Translation: if neuron A consistently helps neuron B fire, the connection from A to B gets stronger.

Mathematically, the simplest form is:

$$\Delta w_{ij} = \eta \cdot x_i \cdot x_j$$

Where:

$\Delta w_{ij}$ is the change in synaptic weight from neuron $i$ to neuron $j$
$\eta$ is the learning rate
$x_i$ is the activity of the presynaptic neuron
$x_j$ is the activity of the postsynaptic neuron

When both neurons are active, the weight increases. Simple.

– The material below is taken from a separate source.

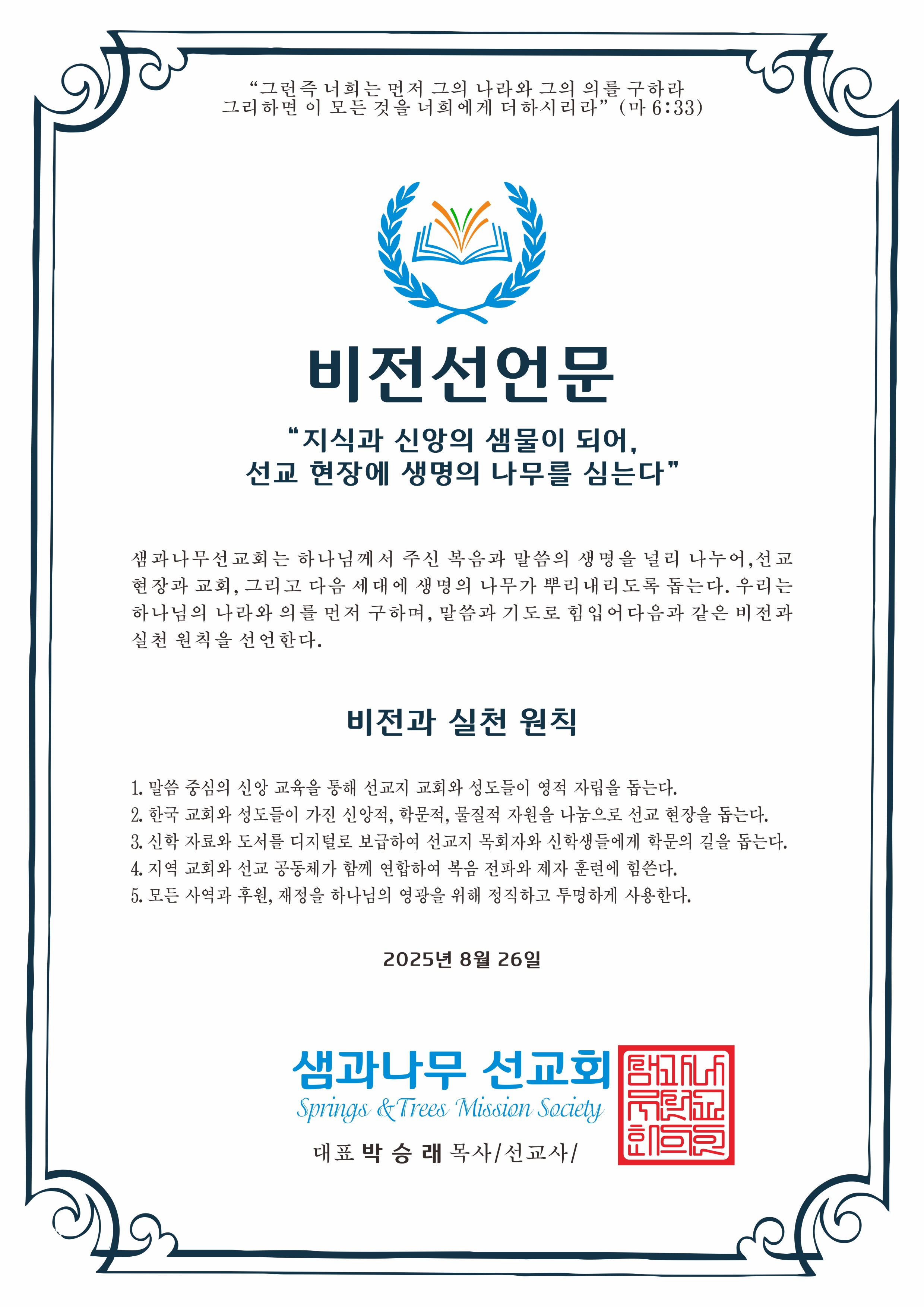 시편 23:1-6 “여호와는 나의 목자시니 내게 부족함이 없으리로다 그가 나를 푸른 풀밭에 누이시며 쉴 만한 물 가로 인도하시는도다 내 영혼을 소생시키시고 자기 이름을 위하여 의의 길로 인도하시는도다 내가 사망의 음침한 골짜기로 다닐지라도 해를 두려워하지 않을 것은 주께서 나와 함께 하심이라 주의 지팡이와 막대기가 나를 안위하시나이다 주께서 내 원수의 목전에서 내게 상을 차려 주시고 기름을 내 머리에 부으셨으니 내 잔이 넘치나이다 내 평생에 선하심과 인자하심이 반드시 나를 따르리니 내가 여호와의 집에 영원히 살리로다”

The Problem with Pure Hebbian Learning

There’s a catch: weights only go up. If neurons that fire together strengthen their connections, and stronger connections make neurons more likely to fire together, you get runaway excitation. Every weight eventually saturates at its maximum value.

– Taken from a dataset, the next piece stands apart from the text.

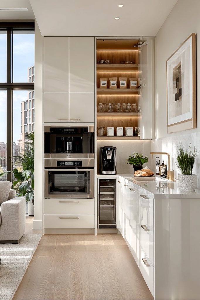 Imagine sleek, tall cabinets reaching all the way to the ceiling, with pull-out pantry shelves filled with neatly arranged spices and ingredients. Hidden compartments keep appliances out of sight when not in use, and a compact island provides extra prep space without crowding. The overall look is clean, with a seamless flow that invites you to cook and entertain effortlessly.

This is why pure Hebbian learning doesn’t work in practice. We need additional mechanisms.

Stabilizing Hebbian Learning

Several modifications fix the instability:

Weight Decay

Add a term that slowly decreases all weights:

$$\Delta w_{ij} = \eta \cdot x_i \cdot x_j - \lambda \cdot w_{ij}$$

Weight Normalization

After each update, normalize weights so they sum to a constant:

$$w_{ij} \leftarrow \frac{w_{ij}}{\sum_k w_{kj}}$$

BCM Rule

The Bienenstock-Cooper-Munro rule introduces a sliding threshold. Connections strengthen when postsynaptic activity exceeds the threshold, weaken when below:

$$\Delta w_{ij} = \eta \cdot x_i \cdot x_j \cdot (x_j - \theta)$$

The threshold $\theta$ itself adapts based on recent activity, creating automatic homeostasis.

Oja’s Rule

A mathematically elegant solution that automatically bounds weights:

$$\Delta w_{ij} = \eta \cdot x_j \cdot (x_i - w_{ij} \cdot x_j)$$

This performs online PCA—the weights converge to the principal component of the input.

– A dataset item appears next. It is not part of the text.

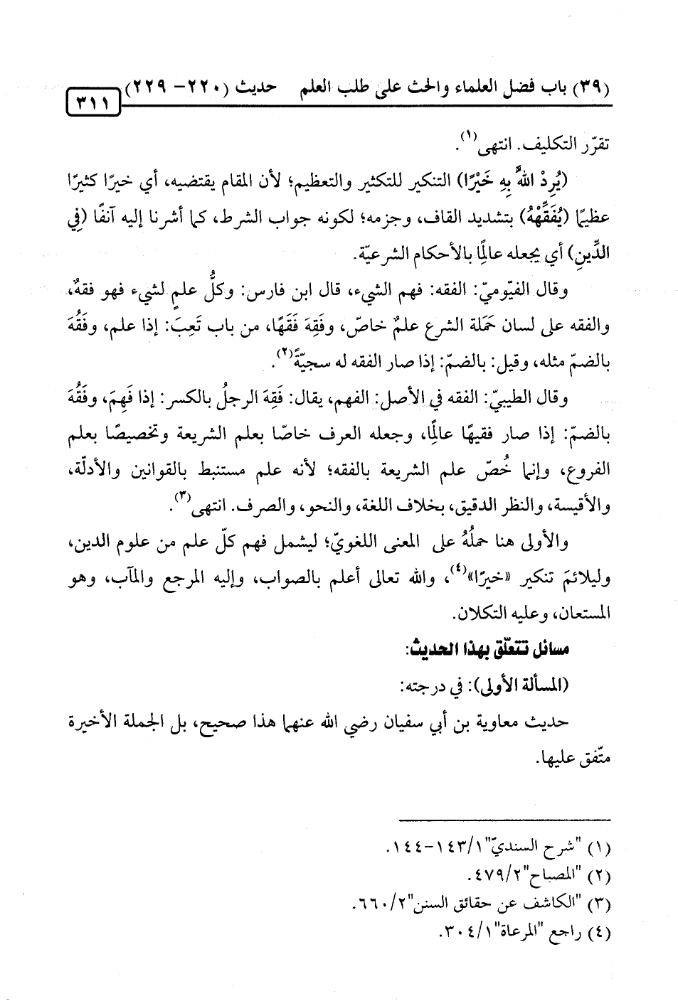 والأولى هنا حملُهُ على المعنى اللغويّ؛ ليشمل فهم كلّ علم من علوم الدين، وليلائمَ تنكير "خيرًا" (¬4)، والله تعالى أعلم بالصواب، وإليه المرجع والمآب، وهو المستعان، وعليه التكلان.

Implementation: Basic Hebbian Learning

Let’s implement several variants:

import numpy as np
import matplotlib.pyplot as plt

class HebbianNetwork:
    def __init__(self, n_input, n_output, rule='basic'):
        """
        Simple Hebbian learning network.

        Parameters:
        - n_input: number of input neurons
        - n_output: number of output neurons
        - rule: 'basic', 'oja', or 'bcm'
        """
        self.weights = np.random.randn(n_input, n_output) * 0.1
        self.rule = rule
        self.theta = np.ones(n_output)  # BCM threshold

    def forward(self, x):
        """Compute output given input."""
        return np.dot(x, self.weights)

    def learn(self, x, y, lr=0.01):
        """
        Update weights based on Hebbian rule.

        Parameters:
        - x: input activity (n_input,)
        - y: output activity (n_output,)
        - lr: learning rate
        """
        if self.rule == 'basic':
            # Basic Hebbian with decay
            self.weights += lr * np.outer(x, y)
            self.weights *= 0.99  # Weight decay

        elif self.rule == 'oja':
            # Oja's rule - stable, performs PCA
            for j in range(len(y)):
                self.weights[:, j] += lr * y[j] * (x - self.weights[:, j] * y[j])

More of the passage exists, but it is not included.